Postby mroman » Wed Mar 02, 2011 8:02 am

CITY COUNCIL
Aberdeen officials tweak dog plans
Pit bulls will not be banned
BY JEFF BAHR
jbahr@aberdeennews. com
12:00 AM CST, March 1, 2011


The Aberdeen Police Department is no longer proposing that pit bulls be banned in Aberdeen. Instead, the police and the city attorney’s office are focusing on beefing up and enforcing the city’s animal-at-large and leash laws.

The Aberdeen City Council was presented Monday night with six options for dealing with animal control issues. They ranged from banning specific breeds of dogs to relaxing the city’s animal ordinances.

The meeting was attended by about 20 members of the public. Seven of those people spoke.

After members of the council discussed the issue, the council directed City Manager Lynn Lander to return with a proposed ordinance based generally on the recommendations presented by staff attorney Karly Winter.

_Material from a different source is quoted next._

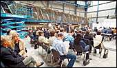 Linz - Vor der Kulisse des verrußten "Gletscherdrachen" wurde am Donnerstag in einer Industriehalle auf dem VOEST-Gelände in Linz der Kaprun-Prozess mit einem Lokalaugenschein fortgesetzt. Hinter der erhalten gebliebenen Zuggarnitur war das Brandrelikt des Unglückszugs zu sehen. Abgebrannte Kerzen und vertrocknete Blumen erinnerten an die Opfer, die am 11. November 2000 beim Brand in der Standseilbahn in Kaprun ums Leben gekommen waren. |
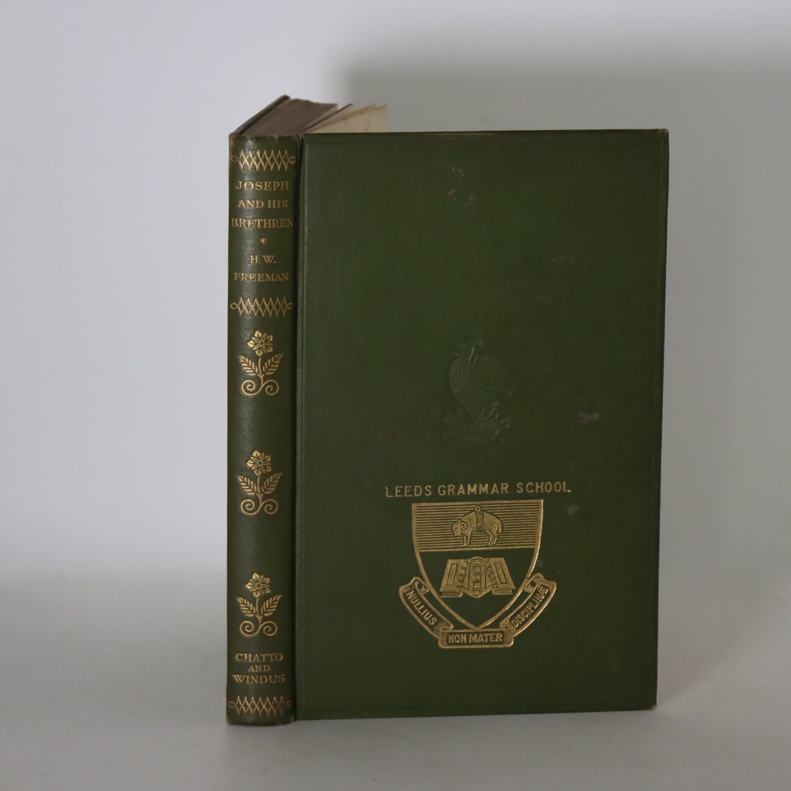Green cloth binding with gilt title and design the spine. and front board. Leeds Grammar School emblem on the front board.

The recommendations were drafted by the city attorney’s office and the city police department. The measures consist of adopting, implementing and enforcing animal-at-large and leash laws, including some revisions of current ordinances and the addition of new ordinances.

Recommendations

The recommendations include increasing the fine for an animal-at-large and failure to vaccinate. They are both currently $92. Other steps include revising the leash law, increasing the fine and requirements for redemption from the animal shelter and creating a uniform fine schedule for animals disturbing the peace.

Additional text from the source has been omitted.